Why are the semaphores needed?

I have been told repeatedly that LWIP does not call TX in multiple threads, even if multiple FreeRTOS tasks are outputting data concurrently.

Piranha
Chief II

As those three lines of code shows, the TxPktSemaphore is used for waiting on hardware Tx completion, not some mutual exclusion. Of course, a decent design should just add the packet to the DMA Tx queue, return immediately and then release the sent packets on a Tx complete interrupt. But this bug report is for ST's code, not something decent!

By the way, when this bug will be fixed, most likely ST's stated 92 Mbps Tx throughput will decrease significantly.

PHolt.1
Senior II

OK thanks; so this is not relevant to my code which was ST's (adapted) one from ~ 2 years ago.

jacekowski
Associate II

There is still an issue with the semaphore that is not fixed by the proposed fix,

If interrupt happens between

hal_status = HAL_ETH_Transmit_IT(&heth, &TxConfig);

and

while(osSemaphoreAcquire(TxPktSemaphore, TIME_WAITING_FOR_INPUT)!=osOK)

Then there is a chance that HAL_ETH_TxCpltCallback will be called between those two and you will still have the code stopping at this line.

No, that is not how semaphores work.
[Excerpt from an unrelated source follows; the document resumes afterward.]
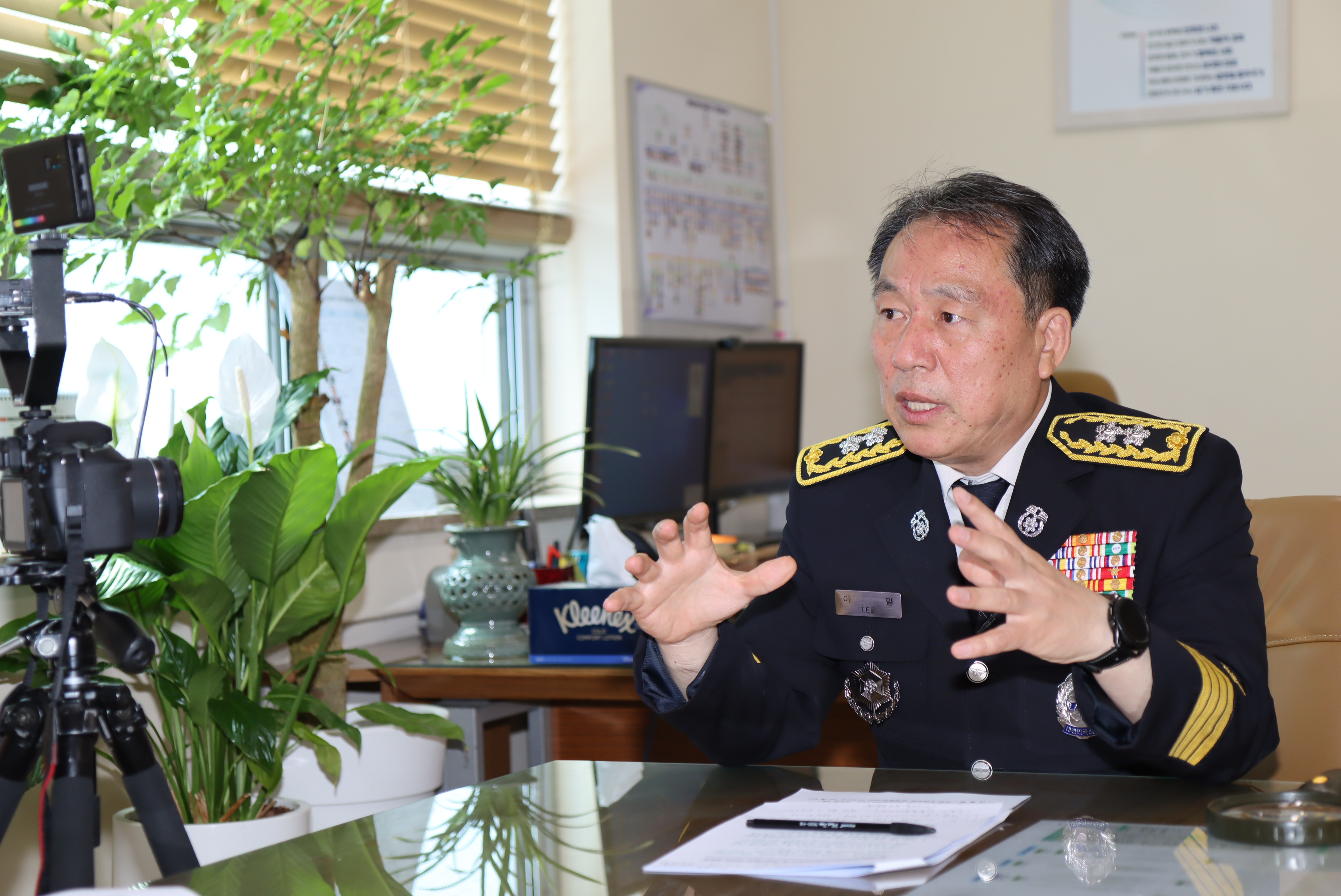 〇 이일 강원소방본부장은 금일 15시 본부장실에서 카자흐스탄 국영방송사 하바르24 특파원의 방문을 받고, 산림화재에 대한 강원소방의 다양한 진화기술과 여러 대응정책을 설명하는 시간을 가졌다.
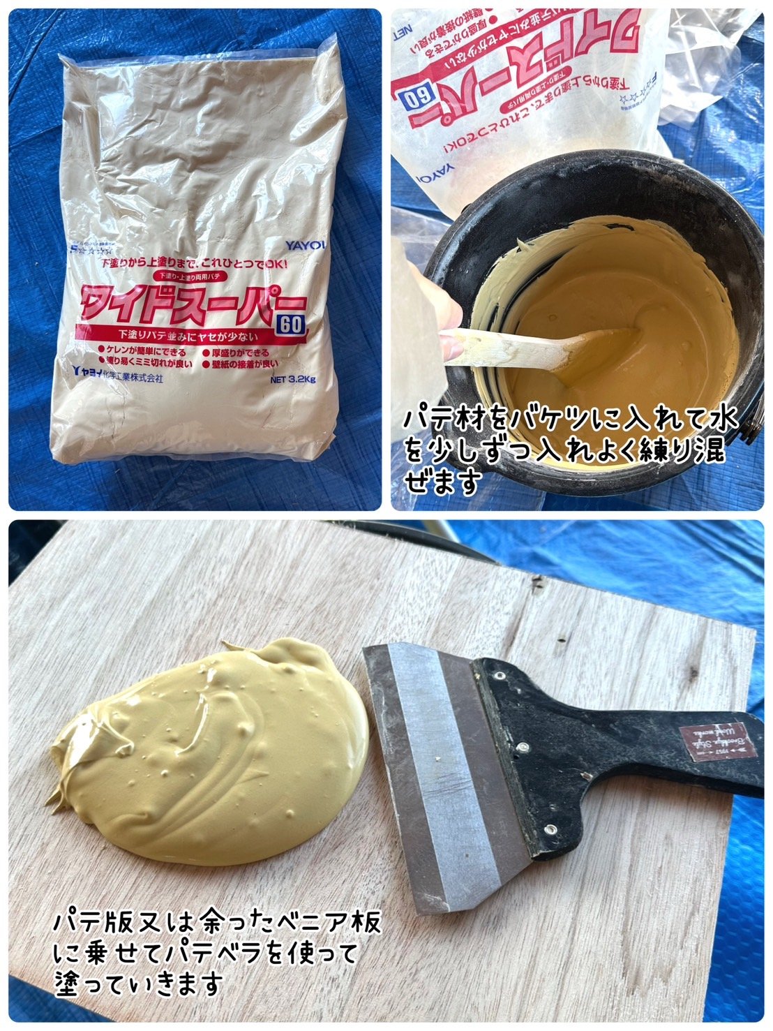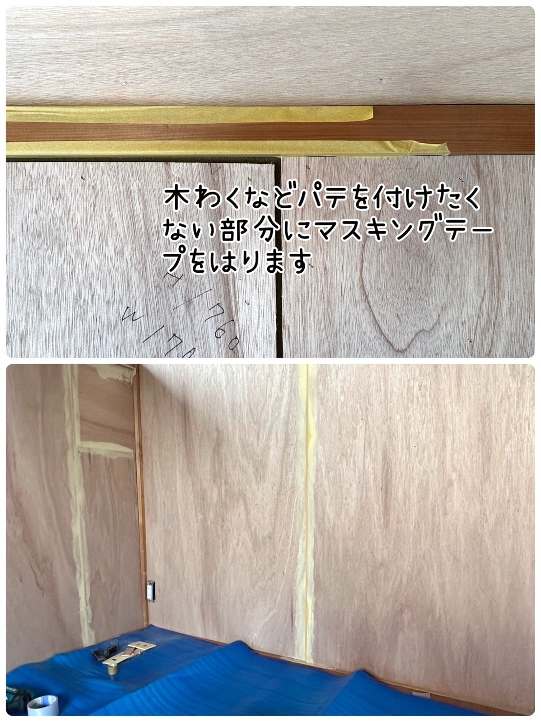 ④隙間が空いた場所やベニヤ板の間はパテをして埋めます。

The ISR calls the osSemaphoreRelease(), which increases the semaphore count to 1. When the count is non-zero, the osSemaphoreAcquire() decreases the count and returns immediately with a return value of osOK. The order of those calls doesn't matter - the logic will still be correct. If that would not be the case, the semaphore would be useless. And this behavior is not specific to CMSIS-RTOS or FreeRTOS - that is the way semaphores work in general.

Issue in my case was due to eiuther sending things from multiple tasks or from within interrupt context (i didn't really check which of those two things was actually breaking it, just fixed both potential issues) with fairly high interrupt load, so in my case i would end up with 2x release first (because of semaphore max count being 1 it leaves semaphore at 1) then acquire that works, then 2nd acquire that locked.

ktrofimo
Senior III

0693W00000UnKuvQAF.png

  /* create a binary semaphore used for informing ethernetif of frame transmission */
  TxPktSemaphore = osSemaphoreNew(1, 0, NULL);
void HAL_ETH_RxCpltCallback(ETH_HandleTypeDef *handlerEth)
{
  osSemaphoreRelease(RxPktSemaphore);
}

Still locks :(

ktrofimo
Senior III

Update:

Both TCP/IP task and Eth input task both are blocked at the same event object 0x200090ac0693W00000UnKyYQAV.png

https://github.com/STMicroelectronics/STM32CubeH7/issues/224#issuecomment-1199200853

It seems that you are still using the ST's broken link detection code. I've pointed it out and explained what is wrong with it in my main Ethernet & lwIP issue topic since the beginning and I am repeating it again and again, but nobody is listening. ST, forum users and almost everyone just keeps silent and pretends that those issues doesn't exist. It's a mass insanity!

To fix it, you can get inspired from these links:

https://community.st.com/s/question/0D53W00000zHH9PSAW/changing-ip-address-mac-address-during-runtime

https://github.com/stm32-hotspot/STM32H7-LwIP-Examples/blob/b4bcc6cffa109ff44b875165b5cd5aec04f5df22/STM32H743_Nucleo_ETH/LWIP/Target/ethernetif.c#L798

P.S. I cannot know whether your other threads, which are using lwIP API, respect the rules.